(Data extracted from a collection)
=-=-=-=-=
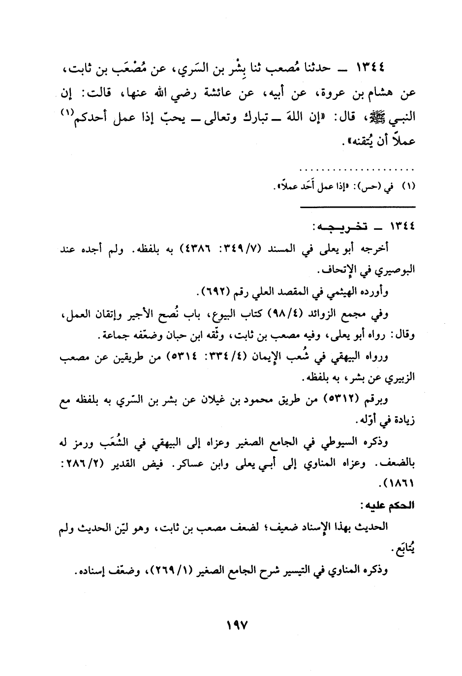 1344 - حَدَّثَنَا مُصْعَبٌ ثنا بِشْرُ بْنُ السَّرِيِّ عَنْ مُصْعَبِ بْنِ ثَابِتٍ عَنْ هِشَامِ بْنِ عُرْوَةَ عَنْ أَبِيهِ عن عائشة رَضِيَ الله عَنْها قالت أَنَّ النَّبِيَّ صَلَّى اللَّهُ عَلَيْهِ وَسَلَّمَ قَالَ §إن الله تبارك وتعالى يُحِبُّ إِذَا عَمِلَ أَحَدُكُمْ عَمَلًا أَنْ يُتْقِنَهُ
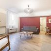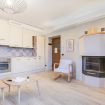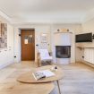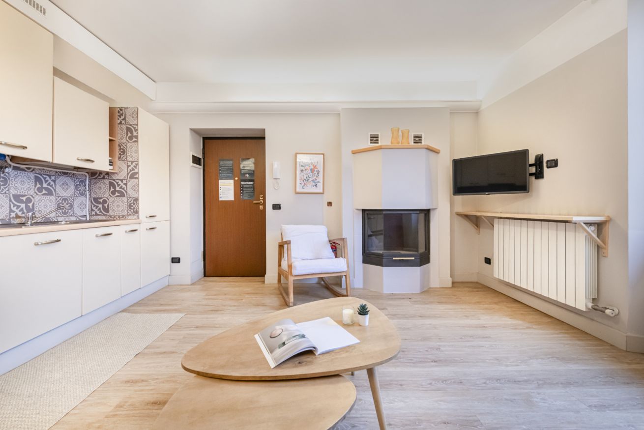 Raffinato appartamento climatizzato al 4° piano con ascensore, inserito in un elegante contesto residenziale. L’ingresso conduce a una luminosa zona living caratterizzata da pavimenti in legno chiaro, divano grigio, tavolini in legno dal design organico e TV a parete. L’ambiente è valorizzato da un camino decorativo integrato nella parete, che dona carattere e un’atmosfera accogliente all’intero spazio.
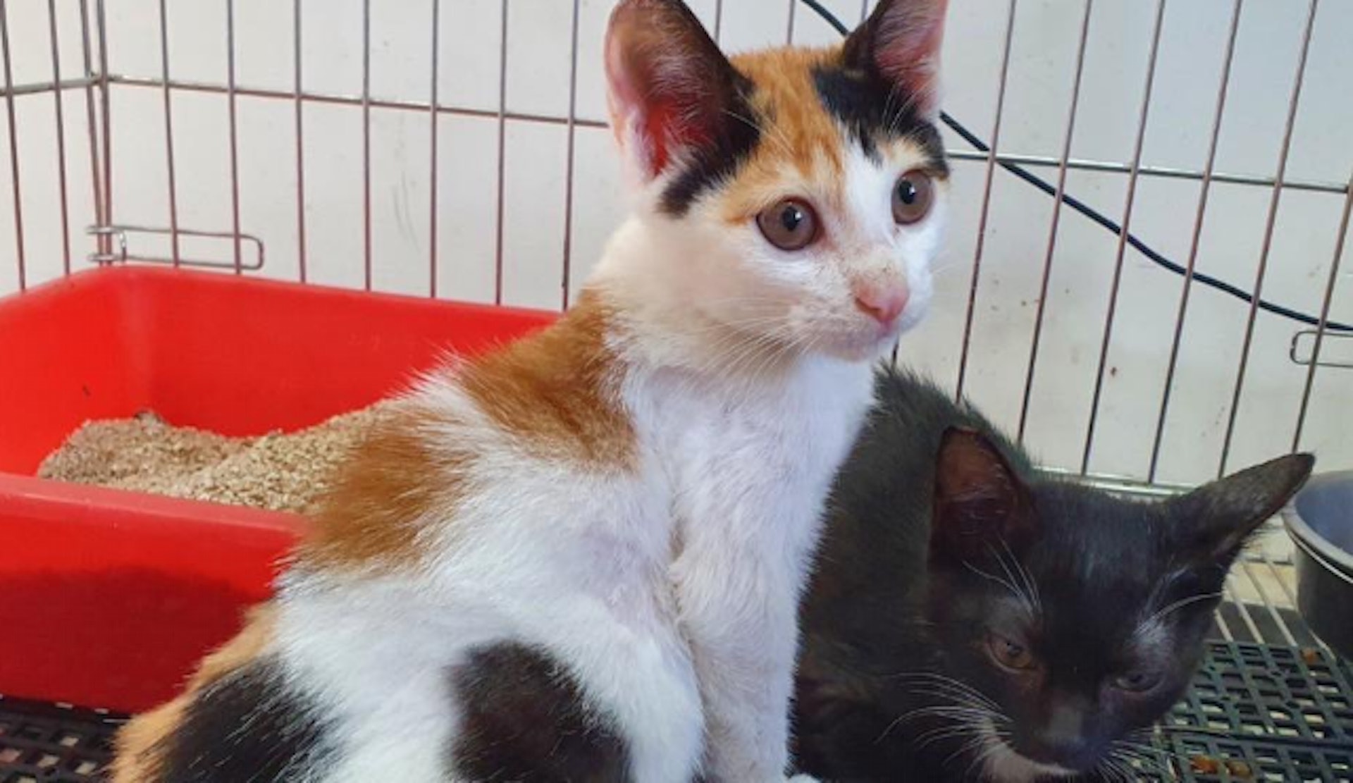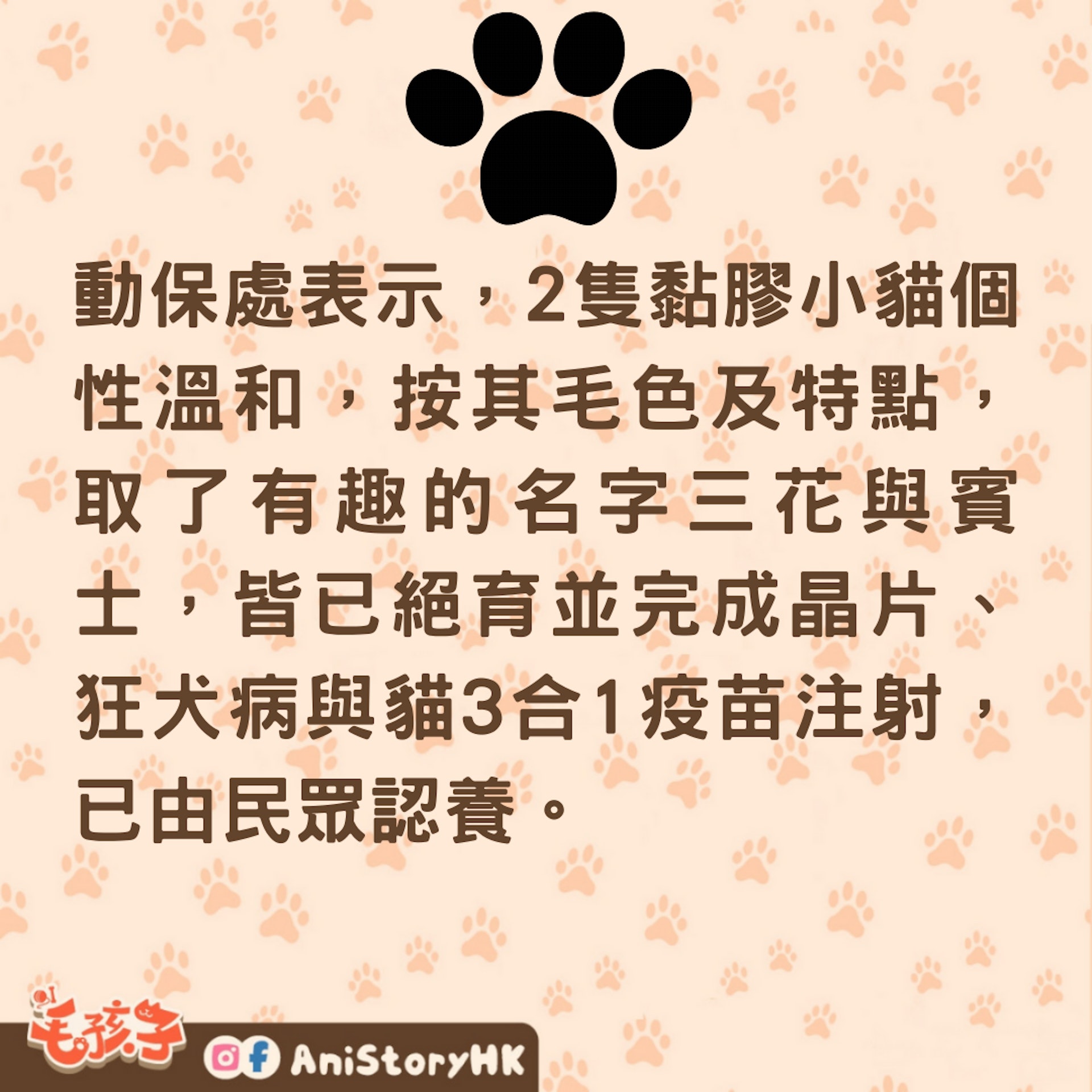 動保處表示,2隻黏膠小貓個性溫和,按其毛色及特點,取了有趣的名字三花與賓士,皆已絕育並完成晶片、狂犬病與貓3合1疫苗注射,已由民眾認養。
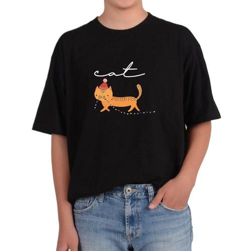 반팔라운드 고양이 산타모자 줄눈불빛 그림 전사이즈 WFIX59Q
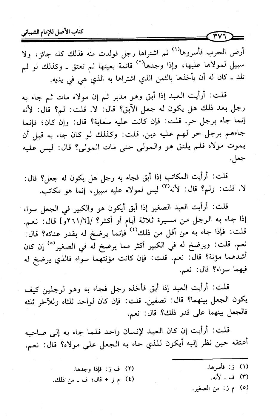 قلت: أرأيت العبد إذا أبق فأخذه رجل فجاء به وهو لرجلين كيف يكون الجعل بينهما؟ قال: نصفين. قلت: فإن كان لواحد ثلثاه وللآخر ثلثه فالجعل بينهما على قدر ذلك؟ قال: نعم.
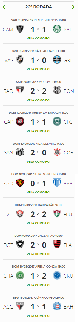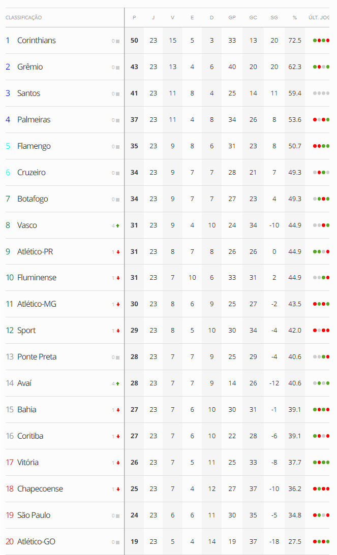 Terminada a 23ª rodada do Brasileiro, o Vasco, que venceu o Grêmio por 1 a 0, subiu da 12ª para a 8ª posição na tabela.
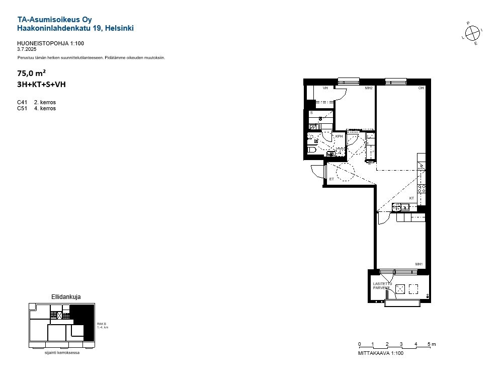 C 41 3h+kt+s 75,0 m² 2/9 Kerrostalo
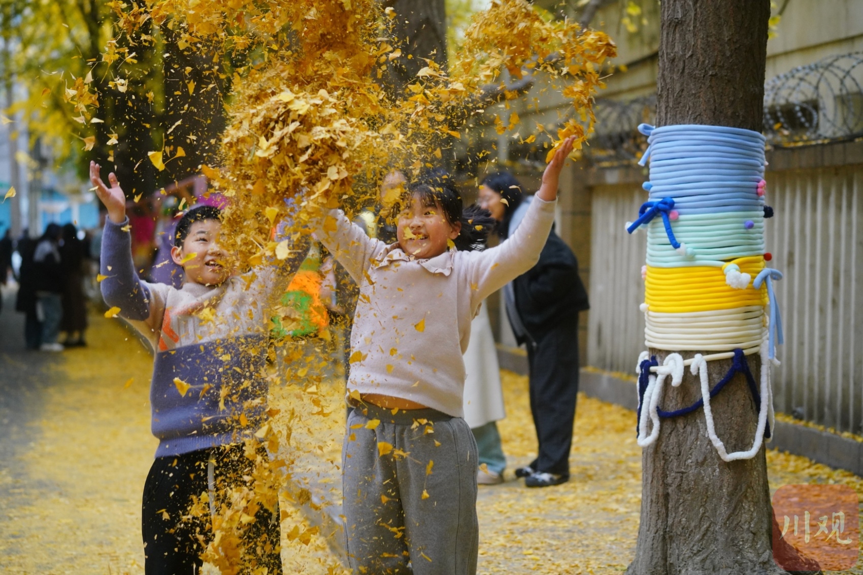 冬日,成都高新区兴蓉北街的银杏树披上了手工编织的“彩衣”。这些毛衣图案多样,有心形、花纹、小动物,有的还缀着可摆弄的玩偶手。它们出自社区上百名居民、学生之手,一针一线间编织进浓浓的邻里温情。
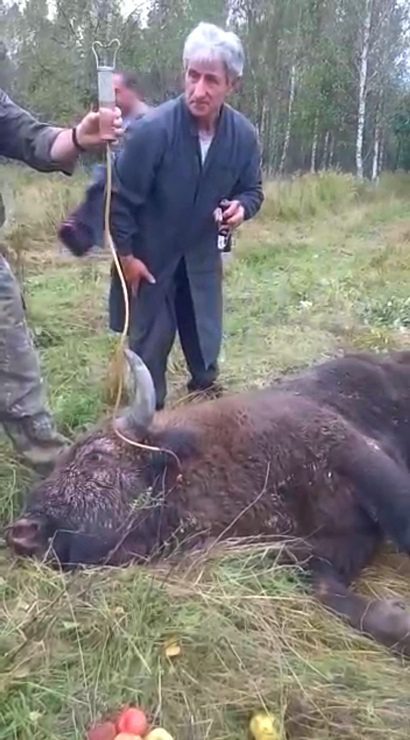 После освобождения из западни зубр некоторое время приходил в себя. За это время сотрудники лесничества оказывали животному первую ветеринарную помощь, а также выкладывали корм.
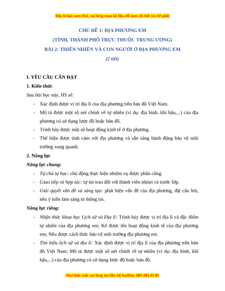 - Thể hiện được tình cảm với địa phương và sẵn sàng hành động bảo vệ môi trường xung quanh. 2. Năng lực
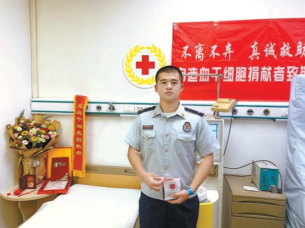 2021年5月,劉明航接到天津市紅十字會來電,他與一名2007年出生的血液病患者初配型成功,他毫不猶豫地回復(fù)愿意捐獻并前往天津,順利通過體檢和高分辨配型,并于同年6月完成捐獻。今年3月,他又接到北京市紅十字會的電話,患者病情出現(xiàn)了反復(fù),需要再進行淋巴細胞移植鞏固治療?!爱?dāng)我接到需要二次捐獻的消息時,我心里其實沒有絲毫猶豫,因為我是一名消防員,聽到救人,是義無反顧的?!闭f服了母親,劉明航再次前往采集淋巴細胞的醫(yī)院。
=-=-=-=-=
• _EXERCISE AIM_
Quote the lines above exactly, starting with the one that has "После освобождения из" and ending with the one that has "- Thể hiện được"; drop the pictures and include nothing else.

• _RESULT BELOW_
 После освобождения из западни зубр некоторое время приходил в себя. За это время сотрудники лесничества оказывали животному первую ветеринарную помощь, а также выкладывали корм.
 - Thể hiện được tình cảm với địa phương và sẵn sàng hành động bảo vệ môi trường xung quanh. 2. Năng lực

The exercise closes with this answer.